The following is a very recent post in my soon-to-be-shut-down (end of month) G+ account, whence of course it would soon perish. A friend said, "This would've made a great blog post," so I promised to repost it here.
Please don't feed me any spoilers. I've only read the first book, and not seen the film.
Finally got to read The Hunger Games. I recommend it, though I had a few small issues with it. (NO spoilers, I promise, so don't worry.)
- Suzanne Collins seems to overlook the old "show, don't tell" writing maxim more than I feel is reasonable to give her a pass on.
- The use of present tense appears to be a growing trend in popular fiction. I've gotten over my classical and aesthetic resistance to it, but there's no denying that it can be confusing for the reader when both the narrative and character quotations are in the same verb tense, and the only distinction is a few tiny slashes.
[Edit: I edited a friend's novel years ago, and convinced her to change it from present to past tense, which is no small thing to ask. I started to feel bad about that a third of the way into this book, but got over it by two thirds in. Perhaps Collins felt this choice gave her narrative more immediacy or heightened the drama, but I only found it occasionally confusing.]

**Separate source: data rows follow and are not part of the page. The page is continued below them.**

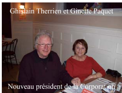
Nouveau président de la Corporation
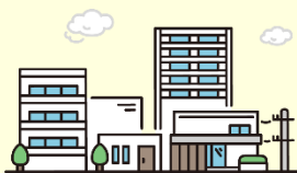
地域の見守り・訪問活動
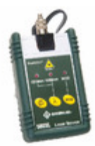
580XL-SC Greenlee Communications LED SOURCE SC CONNECTORS
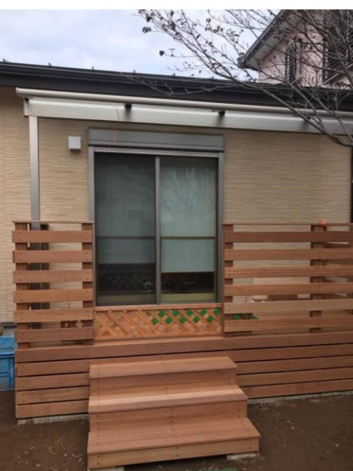
居間兼寝室の前面にウッドデッキを設置。 直接屋外に出ることができ、介護が必要になった際も便利。
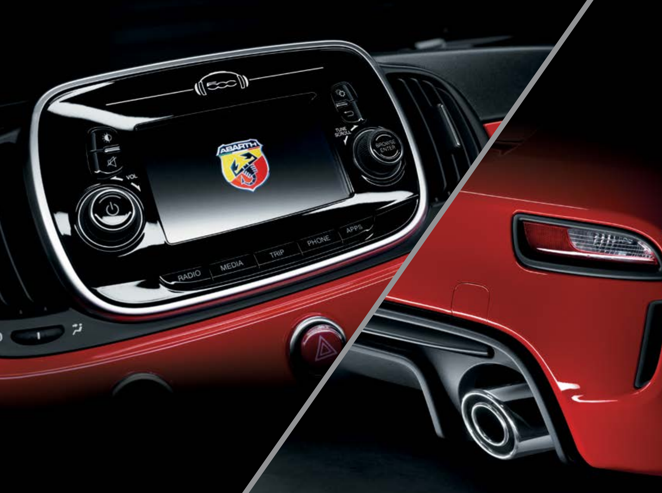
Rádio Uconnect™ Live 5" com comandos no volante
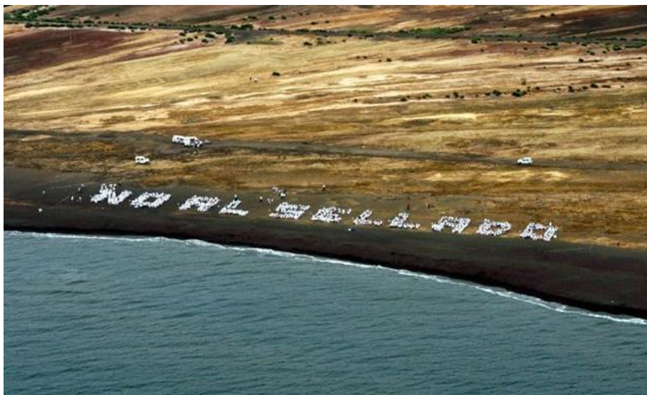
Figura 9: Pancarta Humana que forma la frase “No al sellado” en la playa de San Bruno, Portmán”.

la intención del Ministerio de Medio Ambiente de sellar la bahía de Portmán para lograr la regeneración de esta. Esto causó un gran revuelo entre los vecinos. El sellado de la Bahía planteaba cubrir las arenas de estériles con tierras calizas y posteriormente con una malla geotextil, además de la creación de una escollera en la línea de costa. De esta manera, las aguas no entrarían en contacto con los estériles y se mantenía la línea de costa. Desde un punto de vista ambiental y económico, esta opción no suponía grandes esfuerzos. Sin embargo, no fue aceptada por los vecinos al no contemplar los objetivos que pretendían para la recuperación y adecuación ambiental de la Bahía.
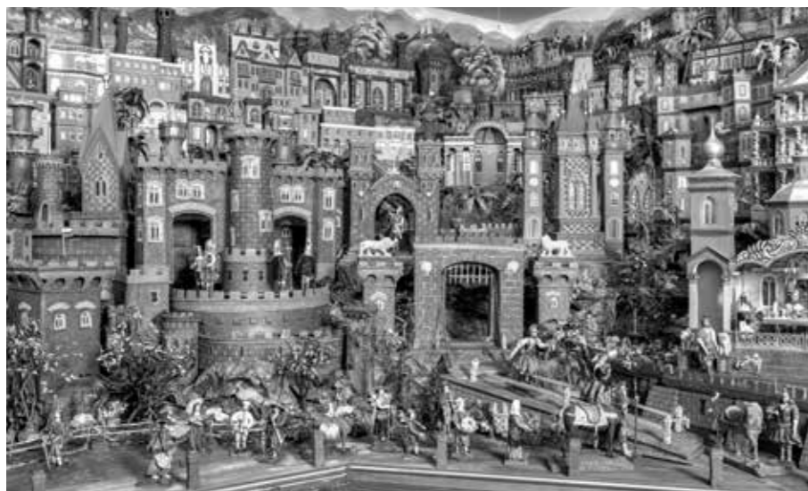
MĚSTSKÁ ČÁST KRÝZOVÝCH JESLÍ S PADACÍM MOSTEM, STRÁŽEMI A DAROVNÍKY
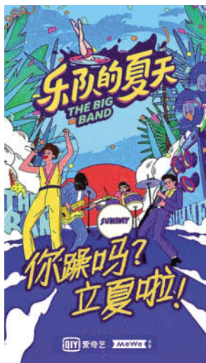
《乐队的夏天》《忘不了餐厅》第二季海报

当行业储备的练习生消耗殆尽后,为了保证节目的选手来源,有的节目甚至会降低对选手的实力要求。“现在行业发展
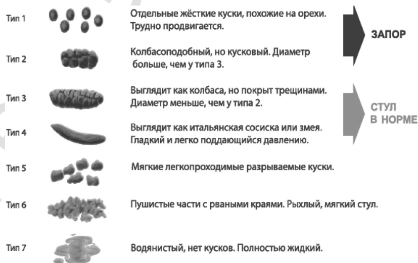
Рис. 4. Бристольская шкала формы кала

Геморрой – явный признак и следствие запора, крайне редко встречается у детей, даже при его длительном течении. При длительном периоде прохождения больших объемов стула и анальных трещинах можно увидеть сформированную анальную складку (сторожевой бугорок) – следствие хронической аналь-
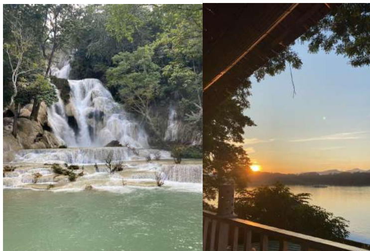
（寮國 - 左：關西瀑布 / 右：湄公河）
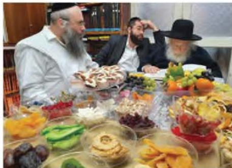
המשך בעמוד 3

'עד מתי אתה מכניס ראשך בין המחלוקת' אחרי רבים להטות. בברכות ל"ז א' תניא ומעשה
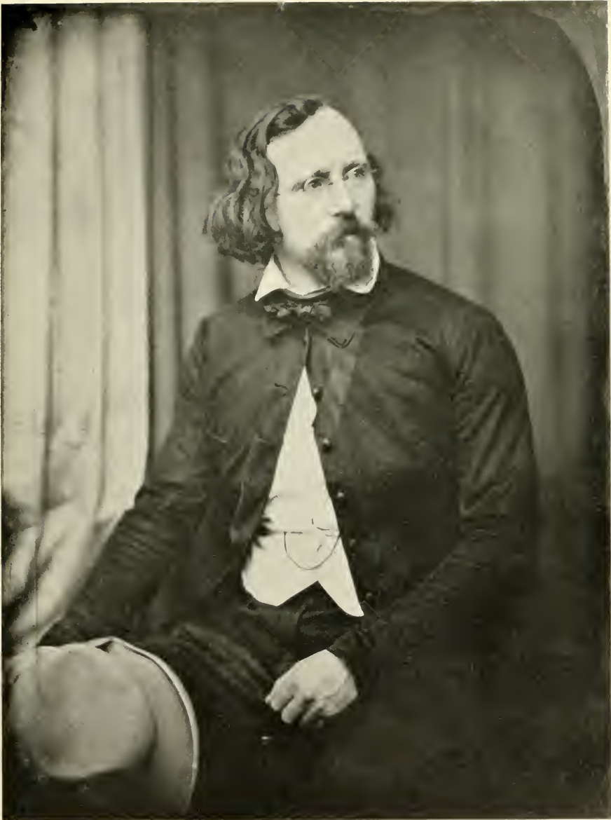
Jakob Venedey, Mitglied der Nationalversammlung in Frankfurt a. M., Abgeordneter für Homburg.
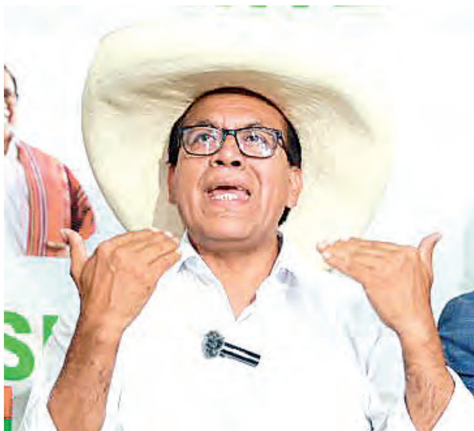
Se va concretando la simpatía nacional por Roberto Sánchez y su plan de refundación del Perú.

Según la página web del ente electoral, Fujimori se ubica en el primer lugar con 17,048% y 2.716.120 votos, Sánchez en el segundo puesto con 12,035% y 1.917.419 votos y López Aliaga en la tercera
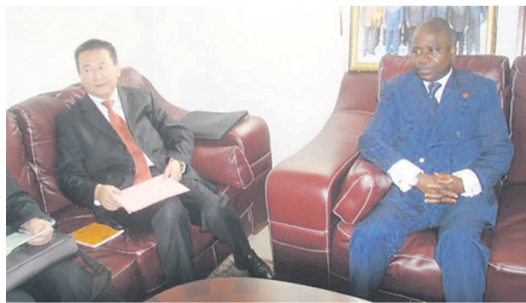
Xia Huang et Pierre Ngolo

« Comme vous le savez, il n'y a pas longtemps, le PCT a envoyé une mission d'études et de découvertes en Chine pour connaître et voir comment contribuer davantage au développement des relations d'amitié et de coopération entre les deux pays », a dit le diplomate chinois, avant d'ajouter, « la rencontre de tout à l'heure, a été également l'occasion pour recueillir les avis et les remarques du Parti congolais du travail, pour faire le point sur la manière dont le séjour a été organisé ». Xia Huang a
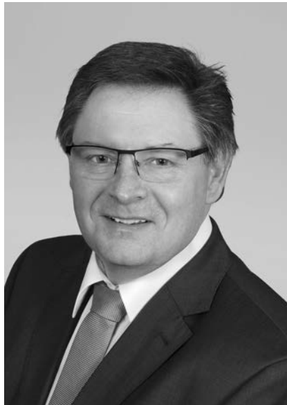
Der Vorstand traf sich mit Staatssekretär Eck zum Gespräch.

Zentrale Punkte des Gesprächs im Dezember waren der Erhalt der Planungskapazitäten für Verkehrswege in Bayern und die Notwendigkeit, eine Verpflichtung zur Prüfung von Energienachweisen zu regeln, beispielsweise durch Prüfsachverständige für baulichen Wärmeschutz. Außerdem informierte der Kammervorstand die Abgeordneten über die Novellierung der Energieeinsparverordnung.
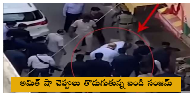
అమిత్ షా చెప్పలు తొడుగుతున్న బండి సంజయ్
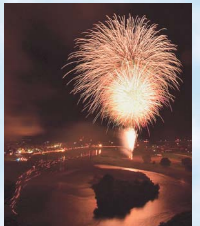
「夏の陣」おおいだ 近野 範夫(天童市)
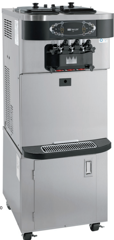
Ilustração com carrinho de altura padrão (o carrinho é opcional)
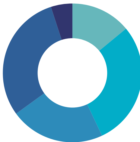
Distribution des charges 180 000$
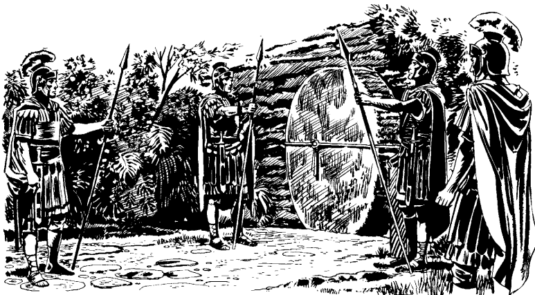
( Mateu 27.62-66 )

63 —Orerea'ar ore Jejuí 'ga 'meawer are. Amanũme'ẽwe 'ga 'meramũ ore ikue: “Anure nipo je manũ. A'ere nipo imuapya 'ara rupi je ferawi nũ”, e'i futatee 'ga ikue— 'jau 'gã imome'wau Piratu 'ga upe. 64 —A'eramũ jefaruu 'gã amũ iarũmũ ore. Kasi a'e pe 'ga remiayuwera 'gã nuri 'ga reumera rerawau imima kwe pe ne. A'eramũ 'gã 'jau ne: “Oferap futat 'ga u'ewer imũ etee futat ra'e”, 'jau futatee nipo
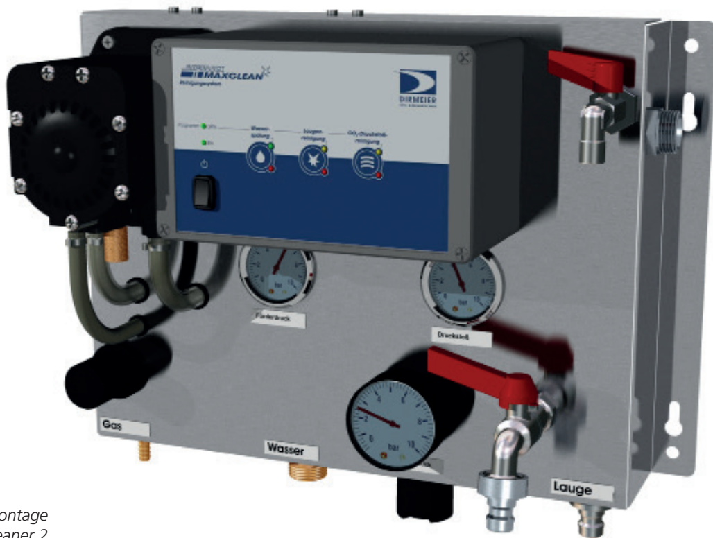
Wandmontage Max Cleaner 2

- If I had to guess (and I do, since I haven't read anything about her yet), I'd suspect that like more and more contemporary writers, Collins got her start in fanfic. There are a few strong whiffs of Mary Sue in here, and more than a few bits that strike me as gratuitous, even distracting and unnecessary. It's not Vonda McIntyre bad, but it annoyed me a few times.
- I can't argue from the seat of a smash-success writer, but my sense is that planting clues, foreshadowing, and even visual metaphor should be a little more subtle. At least, that's how I like it: I want to be surprised at least some of the time. To her credit, however, every critical element is fully justified in due course, at least within the story's own reality, and there's no sense of deus ex machina or awkward plot devices. Even the parts where I fully expected that came off well and enjoyed them fully.
- For all that, the story's exposition is well paced, and transitions very smoothly into the main narrative, almost seamlessly. There's no sense, as there is in some books, of the opening being bolted onto the main body. I feel quite differently about the ending, however. I won't pull punches: There's no denouement, at least not anything I recognised as such, and the story seems to come to a rather sudden stop. I sense that Collins was going for ambiguity, but for me it was more like when an interviewer tells a guest that time is up. I was left not only feeling I could not guess what happened, but that that might be because I missed something, or something is missing.
- Related to the above, the overall pacing of the story seems a bit rushed to me. It flows well, but it seemed to lack solid cadences: chapters roll into one another, over and over, never stopping to take a breath. (I'm still unsure how she decided to place these breaks where she did. since it's not obvious to me.)
- I might be a bit dull, but some things never quite added up for me, especially the overall geography of the setting. I know it's North America, more or less, or part of, but it seems sometimes enormous and sometimes very small. This detail -- not strictly relevant to the plot or logic, but to the sense of reality -- confused me all the way through, and still does.
[Edit: I've since seen some maps. These appear to be me to be speculative, not canon, mostly because they vary so much between them. I haven't studied them too closely, nor read about them, for fear of spoilers. But my takeaway right now is that it looks like either others are as confused as I am, or some crazy shit happens in the later books.]
Petty whinging aside, it's a great read, a terrific story, and I recommend it. I've already put a reserve on the sequel.